Читаем Прошлое толкует нас полностью

Отступление это было типичным для первой мировой войны, стихийным, как оползни, событием. Оно представляло собой неизвестно где и как начавшееся роевое движение армии, сопровождавшееся неожиданными смешениями частей, массовой сдачей в плен, убийством офицеров и повальным дезертирством. Когда разрозненные, перепутавшиеся войска подошли к мосту через Тальяменто, их встретили чистенькие и одухотворенные представители полевой жандармерии. Они выхватывали из толпы офицеров и вершили над ними скорый суд чести. Вот язык, на котором говорили судьи:

«— Вам известно, что офицер всегда должен находиться при своей части?

Ему было известно…

— Из-за вас и подобных вам варвары вторглись в священные пределы отечества.

— Позвольте, — сказал подполковник.

— Предательство, подобное вашему, отняло у нас плоды победы.

— Вам когда-нибудь случалось отступать? — спросил подполковник.

— Итальянцы не должны отступать.

Мы стояли под дождем и слушали все это. Мы стояли против офицеров, а арестованный впереди нас и немного в стороне.

— Если вы намерены расстрелять меня, — сказал подполковник, — прошу вас, расстреливайте сразу, без дальнейшего допроса. Этот допрос нелеп. — Он перекрестился. /242/

Офицеры заговорили между собой. Один написал что-то на листке блокнота.

— Бросил свою часть, подлежит расстрелу, — сказал он.

Два карабинера повели подполковника к берегу.
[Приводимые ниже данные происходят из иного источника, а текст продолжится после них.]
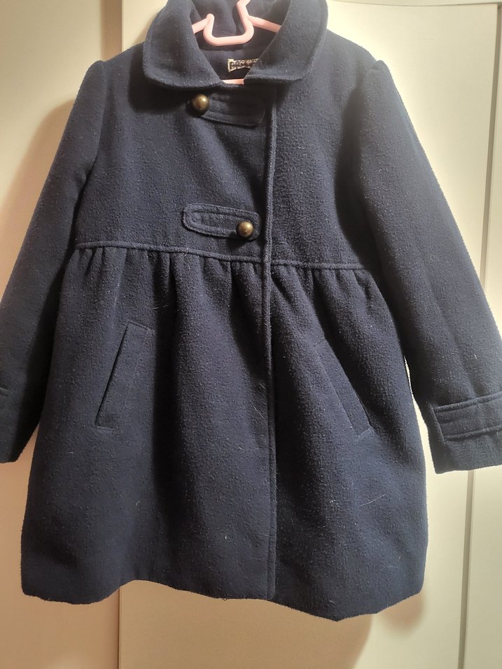 Düğmeli Lacivert çocuk kaşe Midi Kaban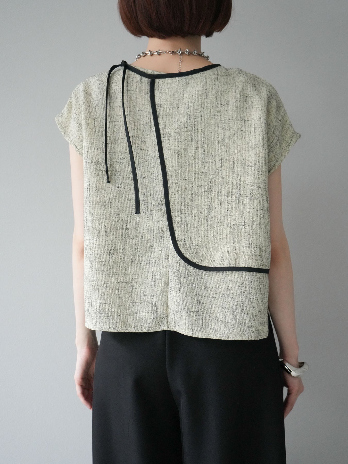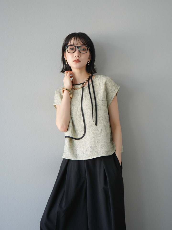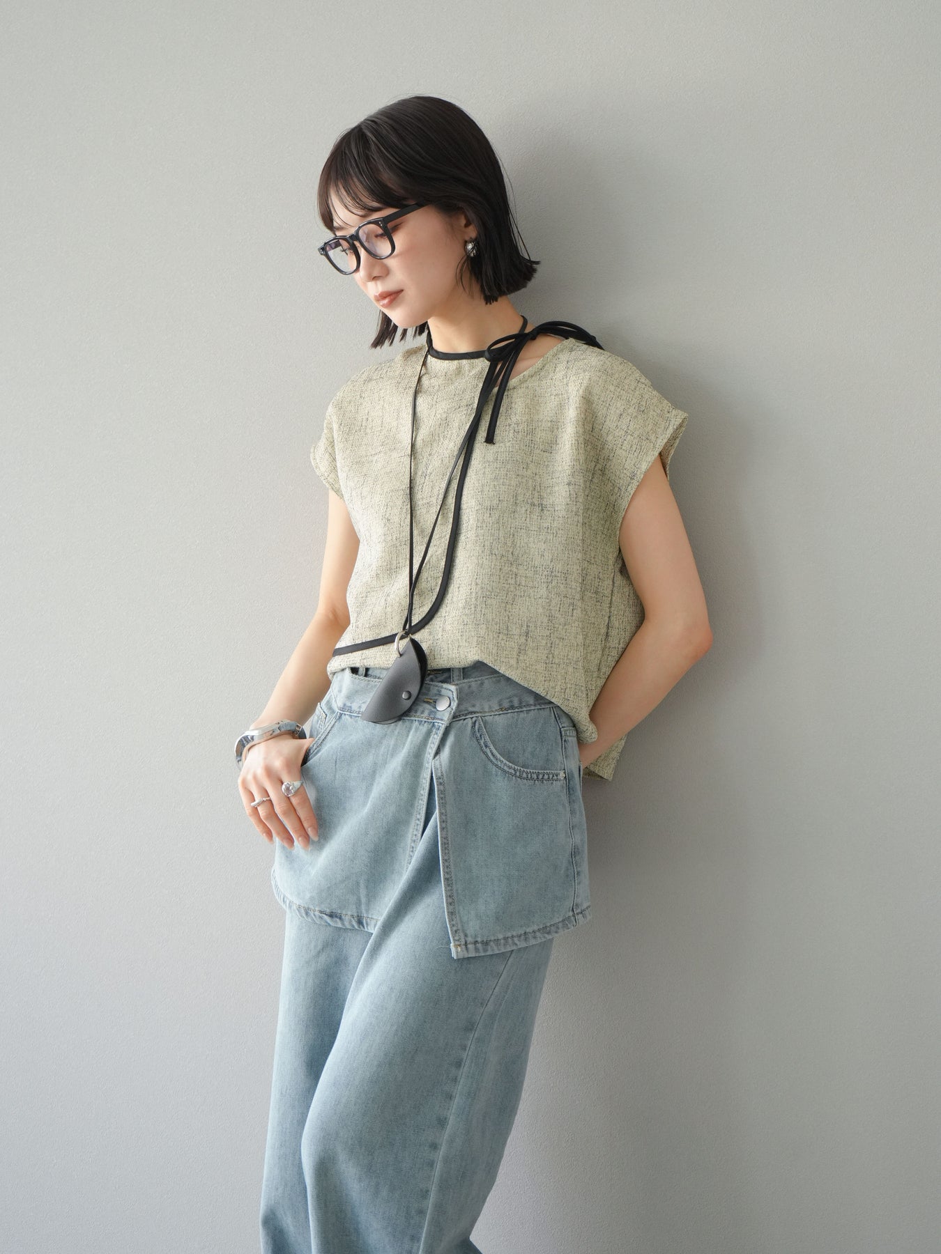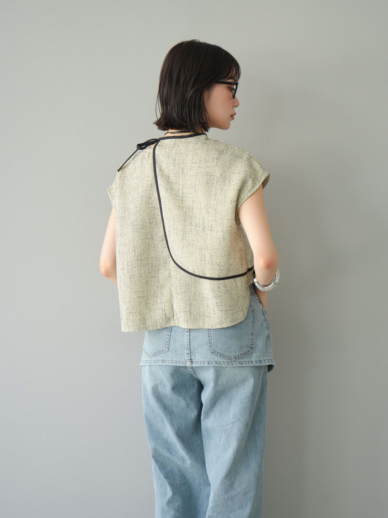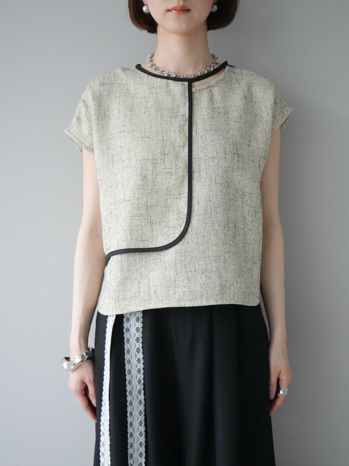 軽やかなサマーツイード素材を使用し、上品さとカジュアルさを兼ね備えたプルオーバー。ケープ風のデザインがモード感を演出し、胸元のパイピングがアクセントに。ゆったりとしたシルエットで涼しく着られ、デイリーからオフィスカジュアルまで幅広く活躍します。コーデにこなれ感をプラスする1枚です。 ※ボトムス、キャミソール(インナー)以外の商品は一律でインナーは付属していません

Он шел под дождем, старик с непокрытой головой, между двумя карабинерами. Я не смотрел, как его расстреливали, но я слышал залп. Они уже допрашивали следующего… Я представлял себе, как работает их мысль, если у них была мысль и если она работала. Это все были молодые люди, и они спасали родину… Они вели допрос с неподражаемым бесстрастием и законоблюстительским рвением людей, распоряжающихся чужой жизнью, в то время как их собственной ничто не угрожает».[4]


Так выглядели моральный идеализм и сама мораль в 1916 году. Их приверженцами были официально поощряемые и прекрасно устроившиеся в жизни преступники. «Священный язык» перестал быть просто языком, камуфлирующим реальность, он стал языком суда и приговора над теми, кто уже различал ее контуры и осмеливался поступать в соответствии со своим непритязательно-трезвым восприятием. Общественная система, терпевшая крах, поддерживала иллюзию прочности (иллюзию того, что она продолжает оставаться «культурным», «духовным» единством) посредством казни тех, для кого эта иллюзия уже перестала существовать.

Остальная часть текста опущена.